REQUIRED WORK ▸
In the entries that follow, the lines from the line containing "Belə ki, bir" up to and including the line containing "Trong bộ ảnh" must be copied exactly, with pictures omitted.

Top of DATA IN THIS EXERCISE

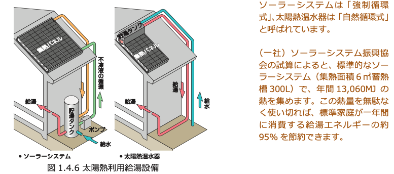 太陽熱利用給湯設備は、「ソーラーシステム」と「太陽熱温水器」に大きく分けられます。
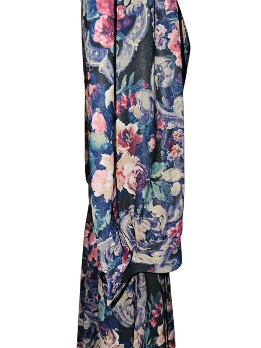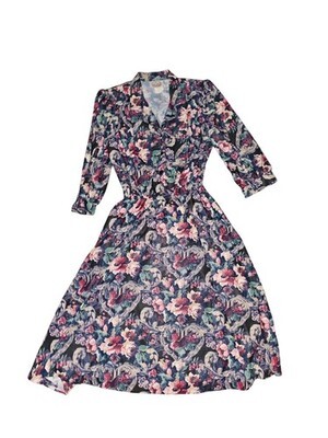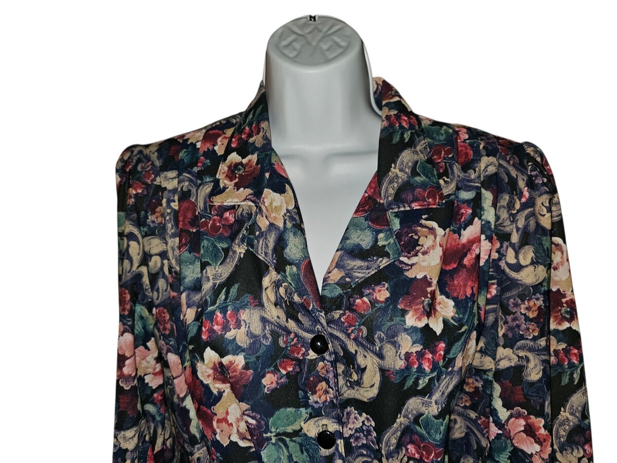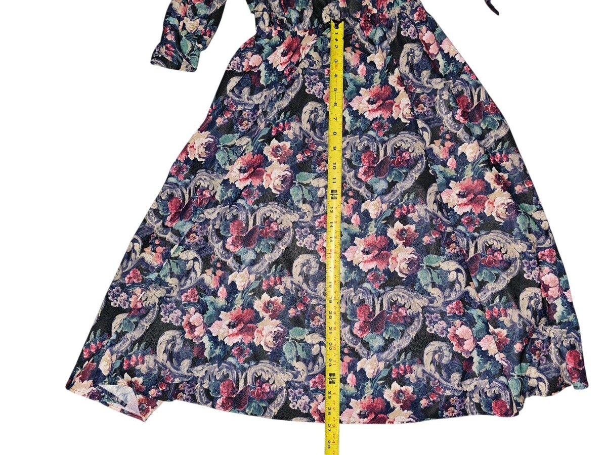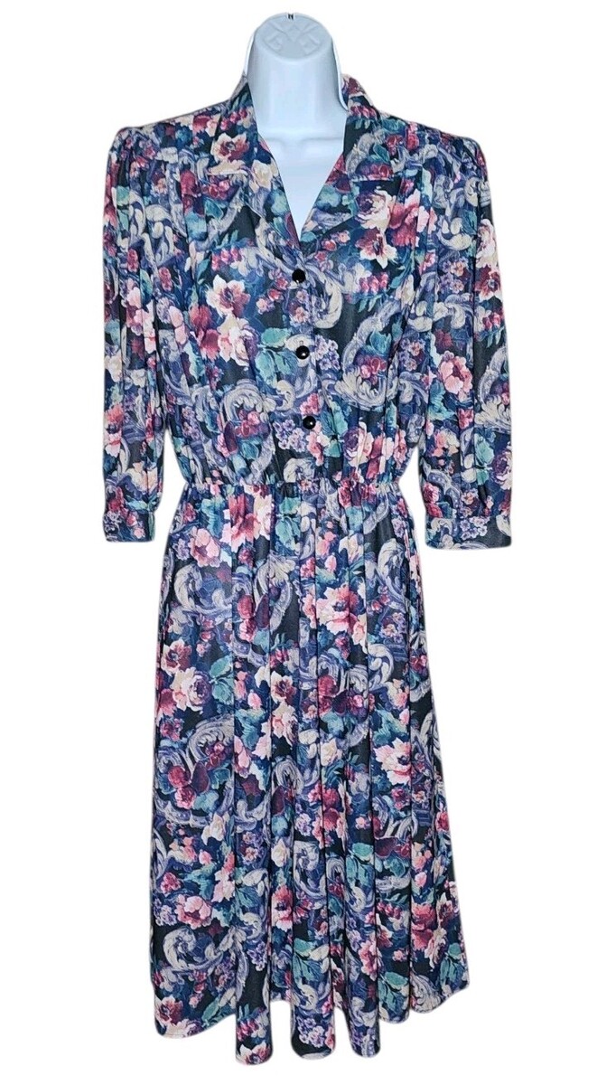 The VTG California Looks Elastic Waist Button Up Front Floral 3/4 Sleeve Dress 12 is a vintage piece from the 1980s designed by California Looks. This polyester dress features a mod/GoGo look with a colorful floral pattern and button-up front. Made in the United States, it is a one-of-a-kind original piece perfect for casual occasions, offering a unique and stylish option for women's vintage clothing.
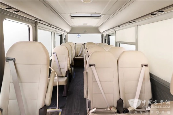 内饰应用轿车化设计理念和轿车化工艺,时尚优雅,优化NVH,车内静谧安逸。独有的内环境管理系统,新风换气,时刻保持座舱空气清新,为商务会议、领导洽谈、团体出行营造舒适氛围。
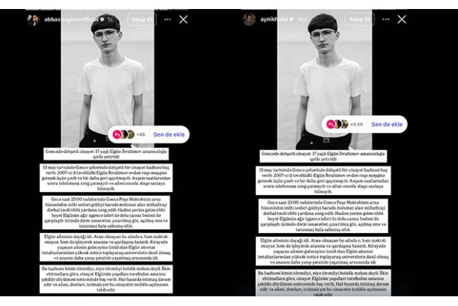 Belə ki, bir sıra müğənni və bloqerlər instaqram hesablarının hekayə bölümündə Elgünün qətli ilə bağlı paylaşım edərək gənc oğlanın cinayətin qurbanı olmasına səssiz qalmayıblar.
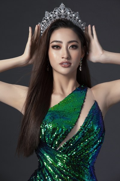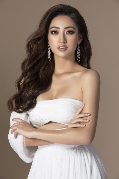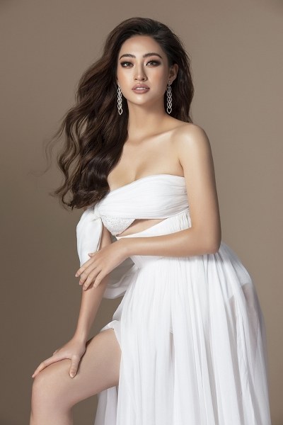 Trong bộ ảnh gửi đến ban tổ chức Miss World, Hoa hậu Lương Thùy Linh chọn váy cắt xẻ tôn lợi thế hình thể.
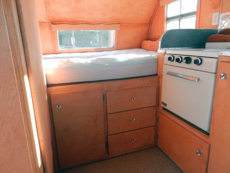 Despite its modest size, the trailer is relatively sturdy, weighing in at about 1,720 pounds dry with a hitch weight of around 300 pounds. When new, this little trailer sold for $1,195 F.O.B. at the factory in Pomona. For the early 1950s, that represented a significant but attainable investment for families looking to explore the growing network of American highways and campgrounds.
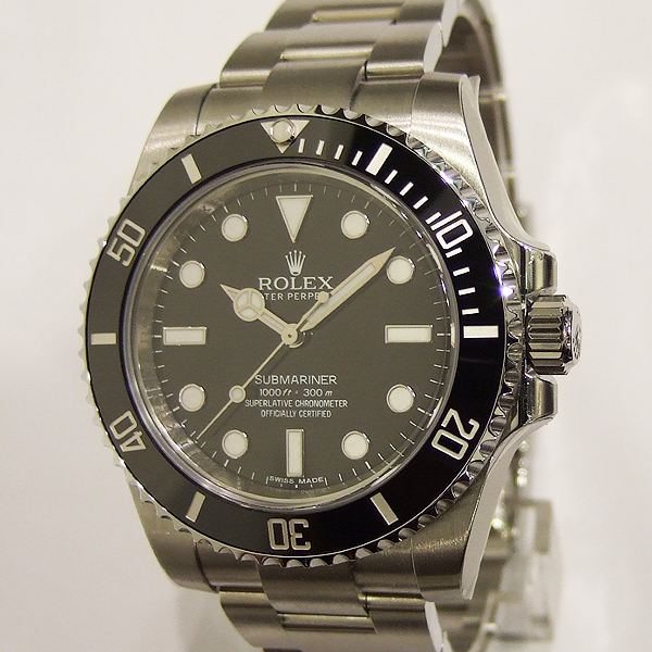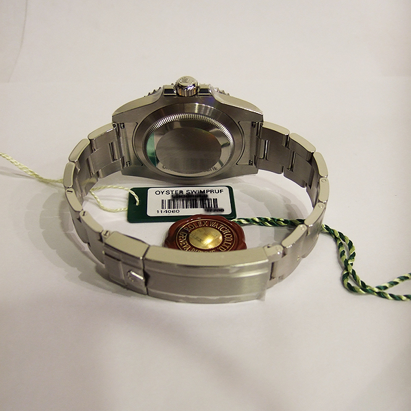 蠔式新款陶瓷合金潛水天文台錶/ 型號:114060/ 採自動上鏈機芯/ 機芯編號:3131,鍍銠機芯有魚鱗紋及日內瓦波紋打磨,31顆紅寶石,雙層合金游絲,四臂環形合金擺輪,雙向自動上鏈,KIF避振裝置,天文台認證(C.O.S.C.)/ 錶徑:40mm/ 具時ˋ分ˋ秒針指/ 黑色面盤/ 夜光指針及立體螢光時標/ 黑色陶瓷合金單向旋轉潛水計時外圈/ 錶盤內圈刻有一圈防偽 ROLEX 字樣及流水號碼/ 藍寶石水晶玻璃鏡面/ 原廠不銹鋼鏈帶及折疊式錶
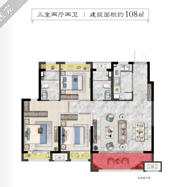 建面约108㎡的户型产品,三室两厅两卫的设计,相比建面约92㎡的户型产品又多了一个主卧独立卫生间,户型的私密性更强。
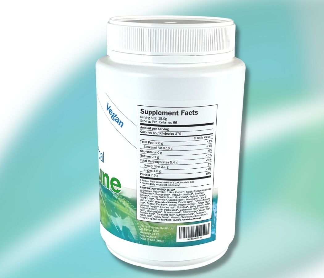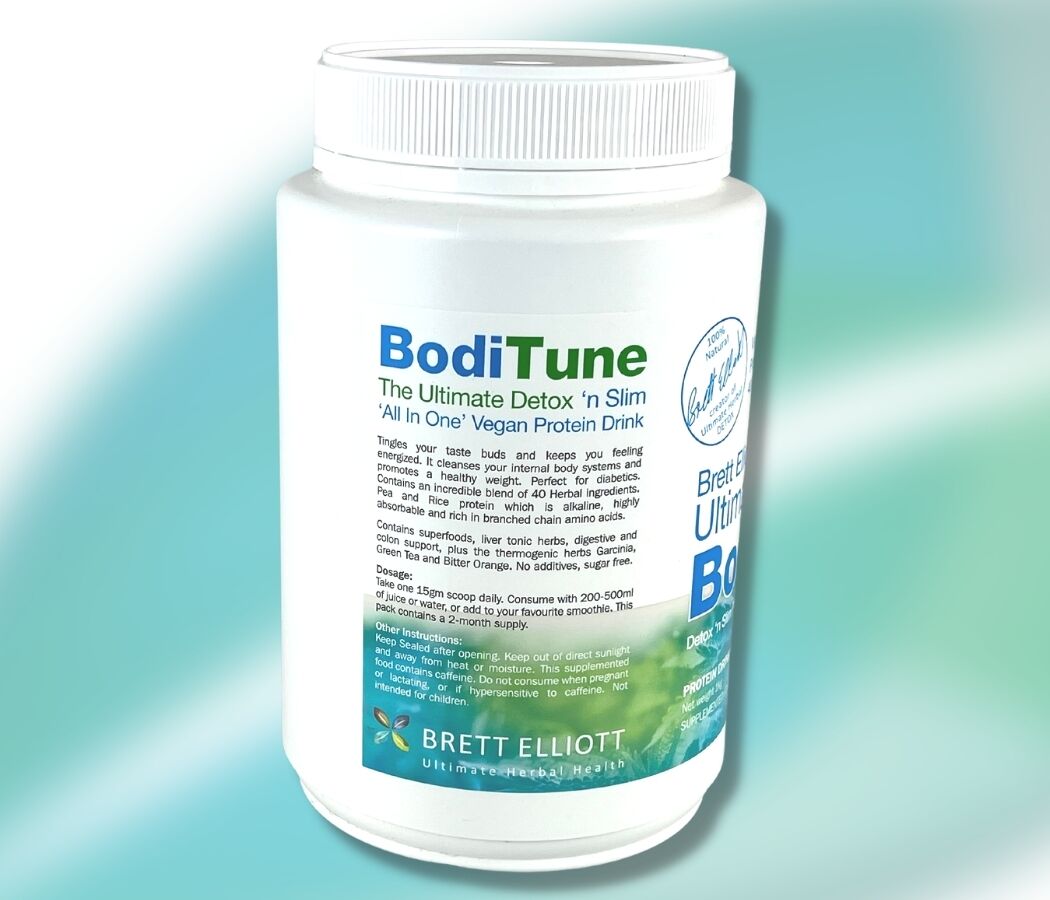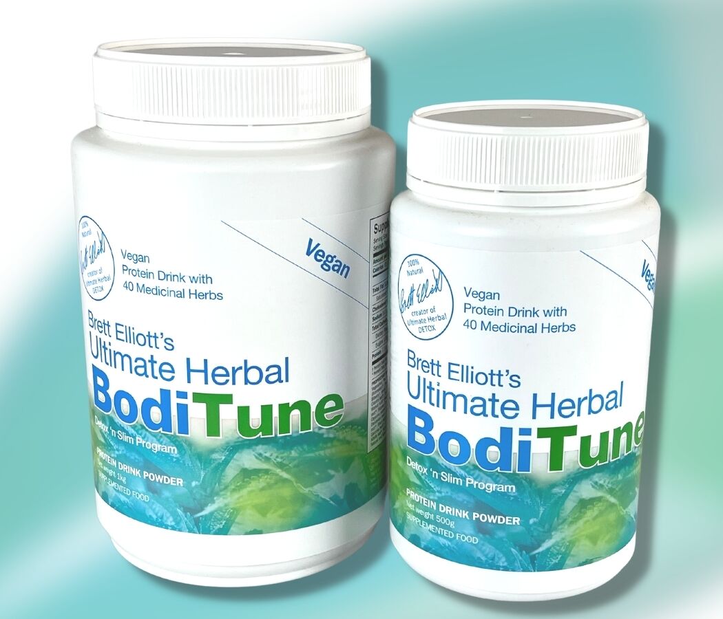 This is equivalent to one capsule from every bottle in the Ultimate Herbal DETOX and Ultimate Herbal SLIM programs. Plus you get over 7.5 grams of high-quality protein per serve. BodiTune Detox ‘n Slim drink contains all 40 herbs from both the Ultimate Herbal DETOX, Ultimate Herbal BodiClenz, and Ultimate Herbal SLIM programs, all combined into one convenient and delicious vegan drink powder.
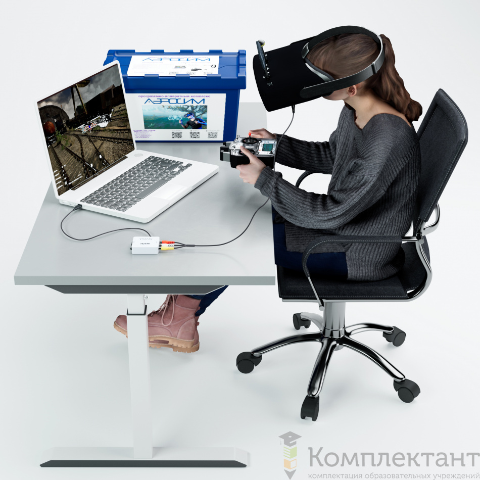 ПАК содержит в комплекте все необходимые компоненты для безопасного и быстрого старта обучения пилотированию БПЛА в ручном режиме. В комплекте идет пульт и шлем, которые можно также использовать в дальнейшем для пилотирования реальными БПЛА в режиме FPV (First Person View, «Вид от первого лица»). Через специальный конвертер возможно вывести изображение с экрана ноутбука на шлем.
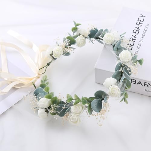 Why Choose June Bloomy Greenery Leaf Crown Rustic Wedding Headpiece Bridal Headband Photo Prop (White Babysbreath)?
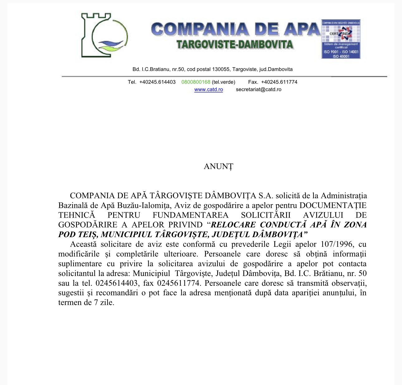 C.A.T.Dâmbovita: Anunt publicitate- Solicitare aviz relocare conducta de apă in zona Pod Teiș -Târgoviste Dâmbovita

Bottom of DATA IN THIS EXERCISE

ANSWER TO THIS PROBLEM ▸
 Belə ki, bir sıra müğənni və bloqerlər instaqram hesablarının hekayə bölümündə Elgünün qətli ilə bağlı paylaşım edərək gənc oğlanın cinayətin qurbanı olmasına səssiz qalmayıblar.
 Trong bộ ảnh gửi đến ban tổ chức Miss World, Hoa hậu Lương Thùy Linh chọn váy cắt xẻ tôn lợi thế hình thể.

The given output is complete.